GPJ received industry awards and accolades for the design of The Bank of China exhibition; two employees were bestowed top design honors for their contributions to the exhibition.

2010 Shanghai World Expo 

GPJ participated in the creating and designing the Australian and Cisco pavilions for the 2010 World Expo that took place in Shanghai. Having won a public tender and being selected for designing the Australian pavilion, the company was given $3 million to create an exhibit that represented the culture and diversity of Australia. The interactions throughout the exhibit centered on content without narrative due to the Mandarin speaking majority among the expo attendees. The entire exhibit was designed around the usage of interactive visual art, acrobatics, performance art, non-narrative music, film, dance and multimedia elements.

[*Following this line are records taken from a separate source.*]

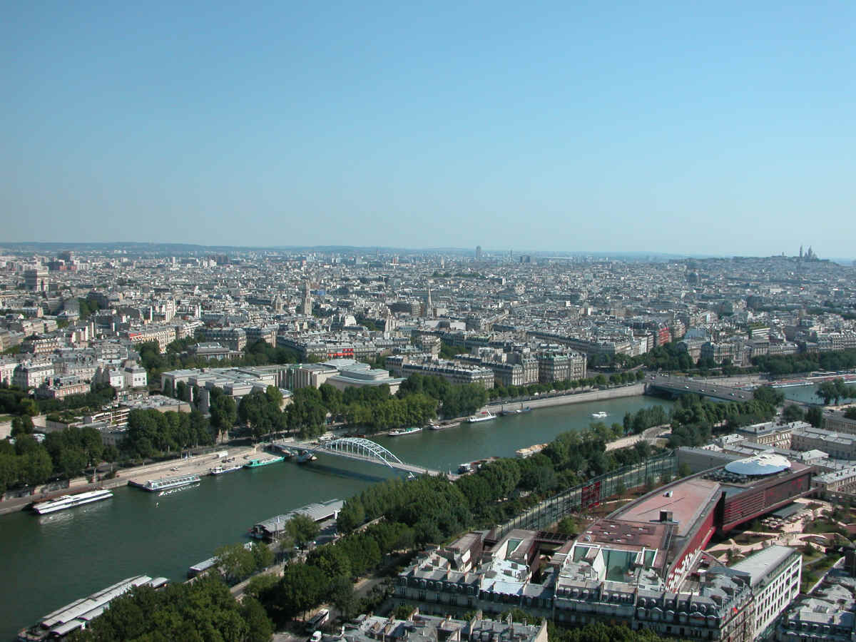 entre l'Arc de Triomphe et Sacré Coeur (on aperçoit l'église St Pierre de Chaillot, la Cathédrale Américaine, le Palais de Tokyo, la passerelle Debilly, le pont d'Alma, le nouveau musée Quai Branly ) |
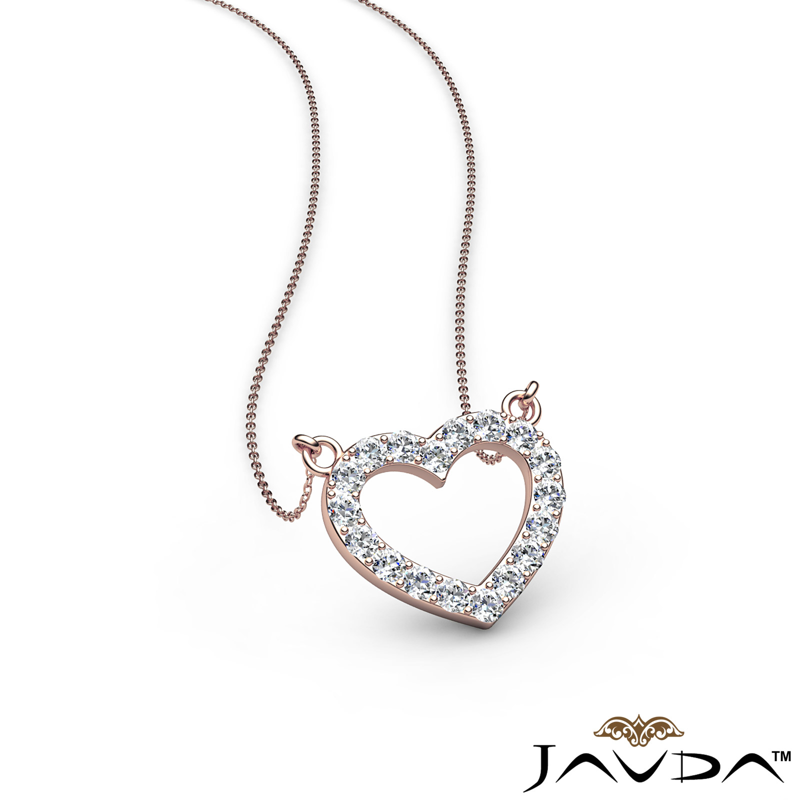 Round Diamonds Open Heart Pendant Necklace In 18k Rose Gold (0.5Ct. tw.)
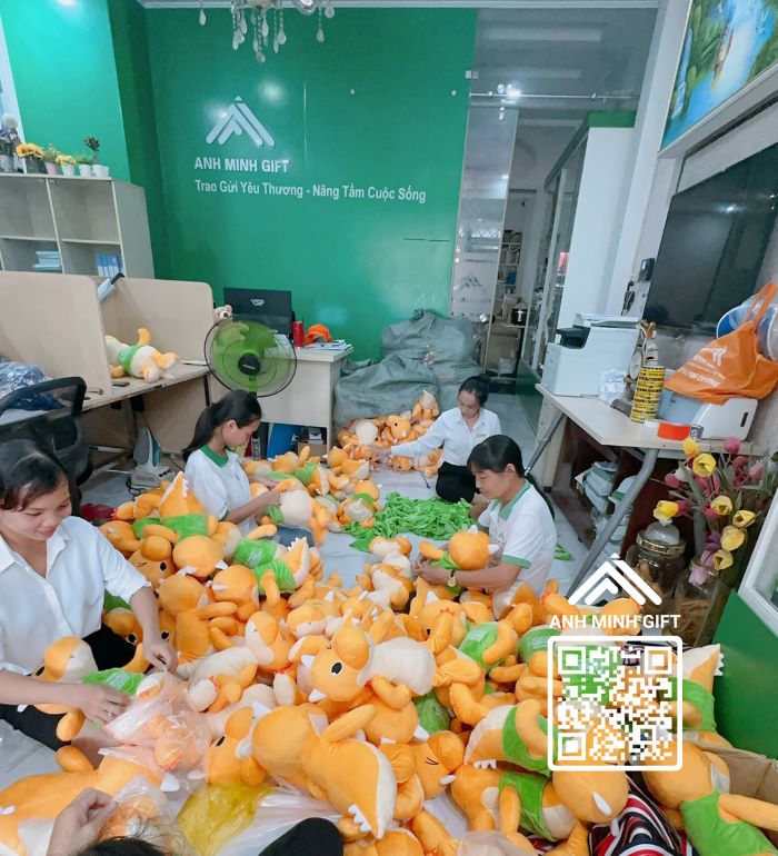 Trên đây là khái quát toàn bộ quy trình sản xuất của xưởng may thú nhồi bông Quà tặng Anh Minh.
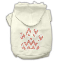 Q: What makes this hoodie different from other pet apparel?A: This hoodie stands out due to its unique 'Candy Cane Chevron Paw' design adorned with rhinestones, its super soft interior, and the double stitching for added durability. It combines style and functionality for your pet.
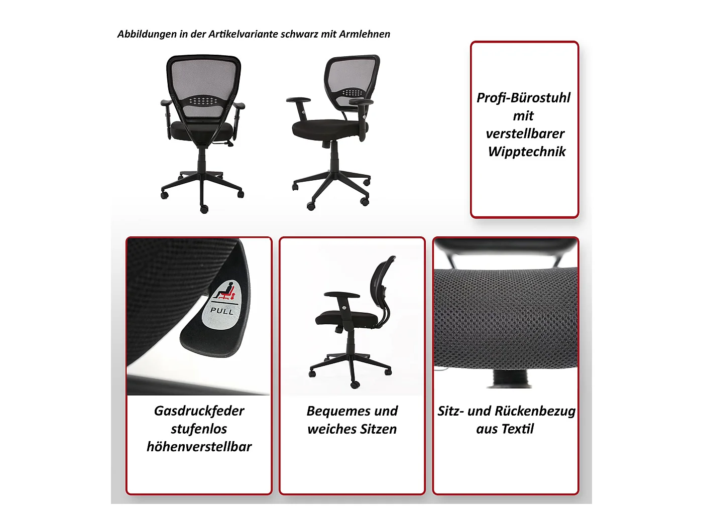 Chaise de bureau professionnelle Chicago tissu/textile, noir avec accoudoirs
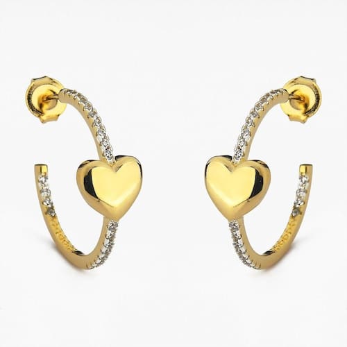 Acompanha o produto: - 01 Brinco Folheado Ouro 18K Argola Média Cravejada com detalhe em Coração Garantia: - Contra defeito de fabricação

George P. Johnson was also awarded an Innovation Award by Cisco, whose pavilion GPJ also worked on.

Brand X Challenge 

In 2013, George P. Johnson developed a competition for students to promote the skills and values needed for success in the marketing industry. The Brand X Challenge seeks to promote the industry and get the program or similar activities within college and university syllabuses. In conjunction with EventMarketer and Under Armour, GPJ managed to get 50+ teams of students from across the USA to participate. The competition consisted of designing mock sponsorships campaigns for UA at the 2014 Olympic Games in Sochi, Russia with the various elements and stages of event managing including, pre-event social media interactions to onsite work at the event. Thirty-nine judges from a host of famous top brands served as judges for the competition, these companies/brands include Gatorade, Target, FedEx, Coca Cola Co., IBM etc.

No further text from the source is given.